4 barriers hindering your digital transformation

According to our research, marketers have identified three of the most important components of a successful digital transformation:

  • having a data-driven strategy
  • correctly selected technologies for the company’s infrastructure
  • defining your strategy for cultural transformation.

All companies are different, each has its ambitions and business development plans. But there are several common barriers that companies face at different stages of their transition to the digital plane.

External uncertainty should not lead to inaction

Every second marketer perceives the growth of competition as a barrier to improving customer relations. One in three thinks the barrier is data protection regulation. And every fourth is afraid of the so-called fragmentation of media – when the user has a huge number of channels of information consumption.

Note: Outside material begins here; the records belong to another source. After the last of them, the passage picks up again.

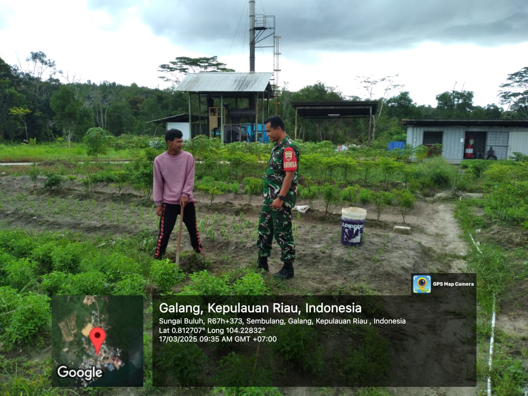 Batam-Babinsa 07 kel. Sijantung Koramil 04/Galang serda Dedi Putra melaksanakan kegiatan komsos ketahanan pangan bersama karyawan PT MEG bertempat di RSKI kel. Sijantung, kec. Galang.Senin [17/03/2025].
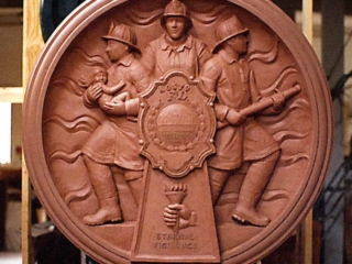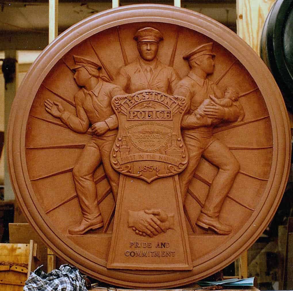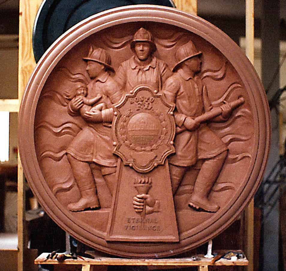 I created two plaques with relief sculpture commemorating the Boston Fire and Police Departments for the main lobby of International Place, a skyscraper in the Financial District.
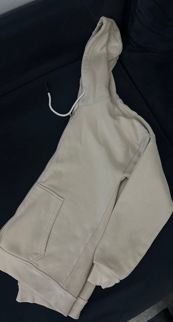 Krem kapüşonlu sweatshirt, fermuarlı, uzun kollu ve bol kesimdir. Yumuşak, sıcak kumaştan üretilmiştir, rahat sokak stili için uygundur. S-M beden
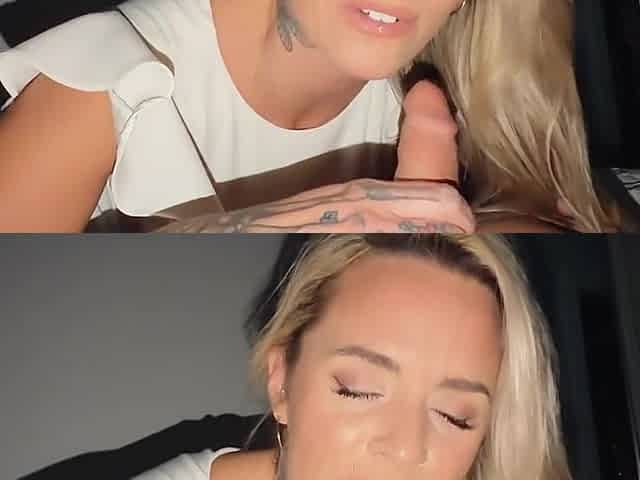 Blonde Hotwife Gives a Hot Blowjob and Receives a Massive Facial
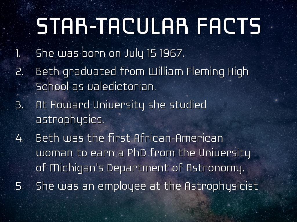 • Beth was the first African-American woman to earn a PhD from the University of Michigan's Department of Astronomy.
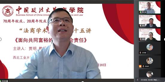 图2:“法商学术论坛”第十五期主讲嘉宾贾明教授

And when you add in the uncertainties of the geopolitical future and heightened consumer control, companies can become indecisive and inactive. Transformation processes can only be completed if management is focused on the cause of the transformation and has a clear plan for change for all stakeholders.

Disunity leads to chaos

Digital transformation usually requires revising processes and reorganizing positions to introduce new features into existing marketing. Often digital is introduced as an independent unit in the existing infrastructure, and there is no understanding of how to change the existing processes and culture.

Organizations also need to be careful about outsourcing digital expertise to positions leading business transformation. Why does it happen? The point is that transformation requires a deep dive into the business and strong management skills for effective business-wide solutions.

One in five marketers recognizes internal collaboration as one of the most challenging tasks, so communicating effectively across departments has never been more important.

No real-time assessment no progress

80% of marketers want to take on more responsibility for product and service innovation in the coming years. But it’s important to remember that the absence of a reliable system for measuring results is almost always a guarantee of failure, especially for pilot projects and innovations. Businesses need proven success to scale new practices. Otherwise, there is a risk of ending up in an endless stream of experiments that lead nowhere.

In addition to the assessment tools, this is where developed processes and culture facilitate the adoption of new ways of running the business and transforming them into new working practices, to ultimately influence markets on a large scale.

Manufacturability is not the key to success

Technology can certainly drive digital transformation, but it should never be the strategy itself. Before investing in technology, companies need to have a clear understanding of their business goals, the role of digital technology in the chosen go-to-market model, and the various implications for the organization.

This is especially important for leaders who decide to develop and use their technologies, for example, to activate marketing. They should take into account many other aspects, for example, hiring the necessary specialists, negotiating profitable partnerships with platforms, qualifying the technical team.

It is usually important to conduct a detailed analysis covering the customer experience, potential return on investment, impact on the organization as a whole, and change management.